В статистической классификации классификатор Байеса — это классификатор, имеющий наименьшую вероятность неправильной классификации среди всех классификаторов, использующих один и тот же набор признаков. [1]
Предположим, пара
принимает значения в
, где
— это метка класса элемента, функции которого определяются формулой
. Предположим, что распределение X условное при условии, что метка Y принимает значение r, определяется выражением
где "
" означает "распространяется как", и где
обозначает распределение вероятностей.
Классификатор — это правило, которое присваивает наблюдению X = x предположение или оценку того, чем на самом деле была ненаблюдаемая метка Y = r . Теоретически классификатор — это измеримая функция.
, с интерпретацией, что C относит точку x к классу C ( x ). Вероятность неправильной классификации или риск классификатора C определяется как 
Классификатор Байеса – это 
На практике, как и в большей части статистики, трудности и тонкости связаны с эффективным моделированием распределений вероятностей — в данном случае
. Классификатор Байеса является полезным ориентиром в статистической классификации .
Избыточный риск общего классификатора
(возможно, в зависимости от некоторых обучающих данных) определяется как
Таким образом, эта неотрицательная величина важна для оценки эффективности различных методов классификации. Классификатор считается непротиворечивым, если избыточный риск стремится к нулю, поскольку размер набора обучающих данных стремится к бесконечности. [2]
Учитывая компоненты
из
чтобы быть взаимно независимыми, мы получаем наивный классификатор Байеса , где 
Доказательство того, что байесовский классификатор оптимален и коэффициент байесовских ошибок минимален, проводится следующим образом.

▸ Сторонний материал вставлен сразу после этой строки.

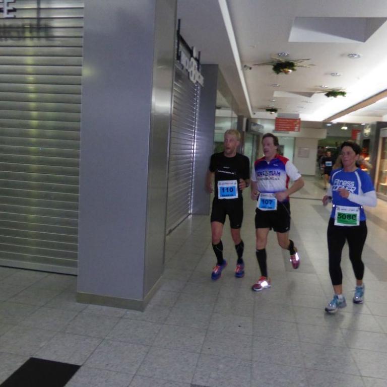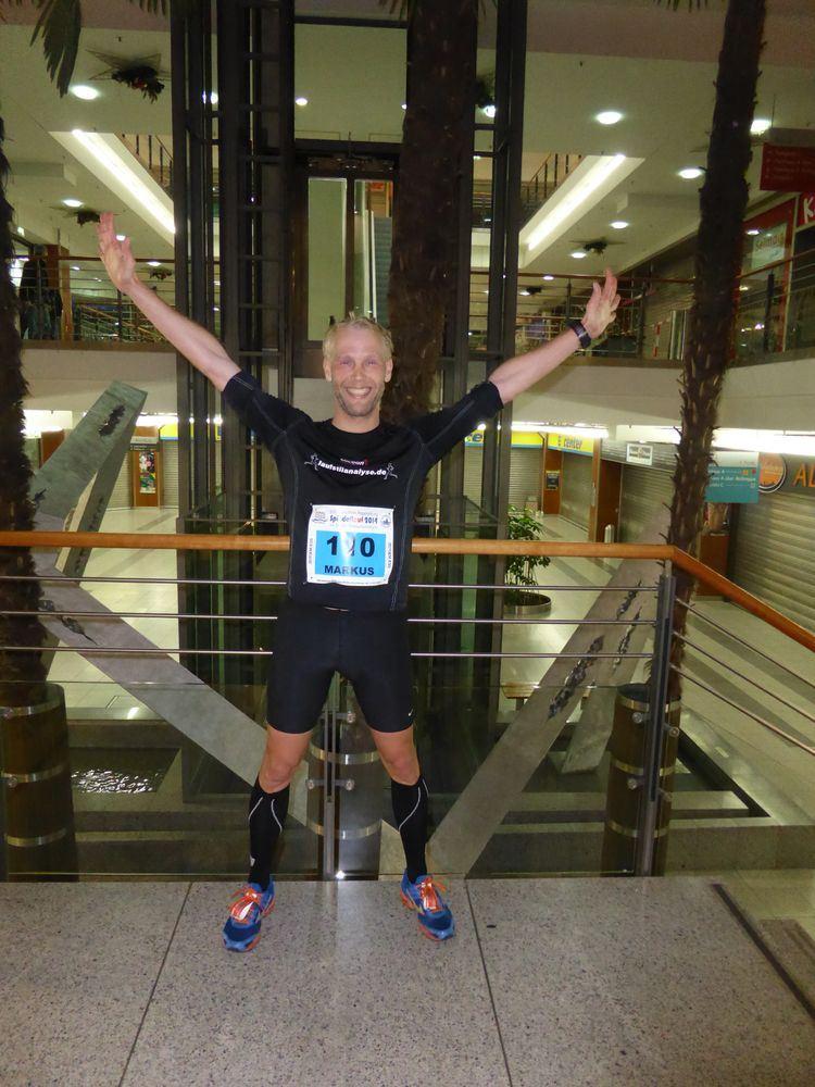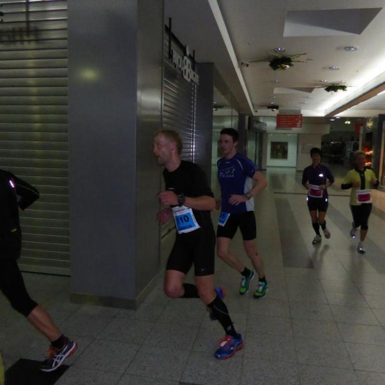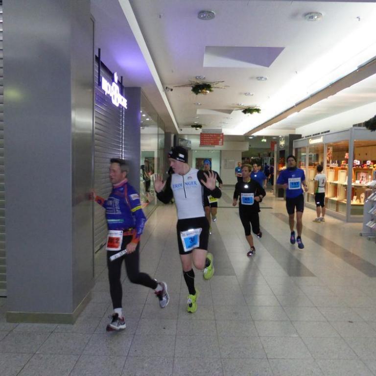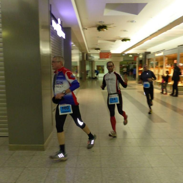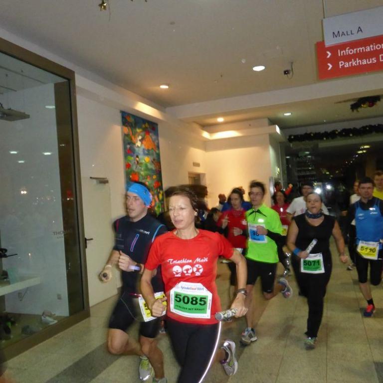 Mein erster Wettkampf im neuen Jahr, der Spindellauf in Regensburg im DEZ. Irgendwie bin ich wieder einmal angeschlagen, wie so oft genau vor einem Wettkampf. Von Freitag auf Samstag hatte ich Schweißausbrüche und kratzen im Hals. Trotzdem fuhr ich 7 Uhr in der Früh nach Kelheim zum Schwimmtraining im Keldorado mit Laufstilanalyse.de. 4,2 km größtenteils im GA2 Tempo. Eigentlich war ich für diesen Tag nach dieser Hammereinheit schon bedient. Zuhause ließ ich es gemütlich angehen, aber die Halsschmerzen wurden schlimmer. Aber da ich wie immer unverbesserlich bin, fuhren Brigitte und ich um 18 Uhr nach Regensburg. Wir holten die Startunterlagen im Donaueinkaufszentrum ab und trafen auch noch einige von der Laufstilanalyse, die teilweise selbst am Start waren oder zum anfeuern da waren. Mit kratzigem Hals stand ich um 20:30 Uhr am Start und ab ging es durch das Donaueinkaufszentrum.
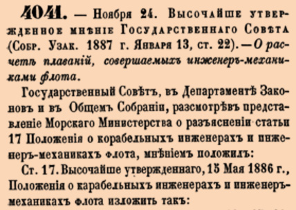 4041. 1886 год. 24 ноября (6 декабря). Высочайше утвержденное мнение Государственнаго Совета. О расчете плаваний, совершаемых инженер-механиками флота. О расчете плаваний, совершаемых инженер-механиками флота.
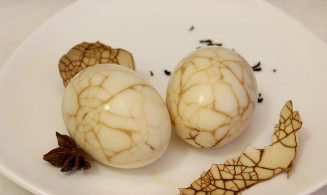 These savory and lightly spiced hard-boiled eggs are as delicious as they are beautiful. The secret to perfectly dyed eggs is in how you crack the shells. Use the back of a spoon to crack the lightly-boiled eggs; you want to crack the shell all over, but it should remain intact. This will allow the tea mixture to seep in just along the cracks in the shell and color the egg with a beautiful and intricate pattern.Click here for more of our best hard-boiled egg recipes.

Определите переменные: Риск
, Байесовский риск
, все возможные классы, к которым можно отнести точки
. Пусть апостериорная вероятность точки, принадлежащей классу 1, равна
. Определить классификатор
как 
Тогда мы имеем следующие результаты:
, то есть
— классификатор Байеса, - Для любого классификатора
, избыточный риск удовлетворяет ![{\displaystyle R(h)-R^{*}=2\mathbb {E} _{X}\left[|\eta (x)-0,5|\cdot \mathbb {I} _{\left\{h (X)\neq h^{*}(X)\right\}}\right]}](https://wikimedia.org/api/rest_v1/media/math/render/svg/92a2fec73684d3551d08cf02e2c48ed1005af28d)
![{\displaystyle R^{*}=\mathbb {E} _{X}\left[\min(\eta (X),1-\eta (X))\right]}](https://wikimedia.org/api/rest_v1/media/math/render/svg/fa3bb978cc7e2b5d3664f9051f7562943ddf73fc)
![{\displaystyle R^{*}={\frac {1}{2}}-{\frac {1}{2}}\mathbb {E} [|2\eta (X)-1|]}](https://wikimedia.org/api/rest_v1/media/math/render/svg/e369a206f96f8aa43e546ddc6abd3a181aceacf0)
Доказательство (а): Для любого классификатора
, у нас есть
где вторая строка была получена с помощью теоремы Фубини
Обратите внимание, что
минимизируется за счет принятия
, 
Следовательно, минимально возможным риском является байесовский риск:
.
Доказательство (б): ![{\displaystyle {\begin{aligned}R(h)-R^{*}&=R(h)-R(h^{*})\\&=\mathbb {E} _{X}[\eta (X)\mathbb {I} _{\left\{h(X)=0\right\}}+(1-\eta (X))\mathbb {I} _{\left\{h(X) =1\right\}}-\eta (X)\mathbb {I} _{\left\{h^{*}(X)=0\right\}}-(1-\eta (X))\ mathbb {I} _ {\left\{h^{*}(X)=1\right\}}]\\&=\mathbb {E} _{X}[|2\eta (X)-1| \mathbb {I} _{\left\{h(X)\neq h^{*}(X)\right\}}]\\&=2\mathbb {E} _{X}[|\eta ( X)-0.5|\mathbb {I} _{\left\{h(X)\neq h^{*}(X)\right\}}]\end{aligned}}}](https://wikimedia.org/api/rest_v1/media/math/render/svg/b0340d50b1dd24e974c522f8ea9c59e2bcbeef3f)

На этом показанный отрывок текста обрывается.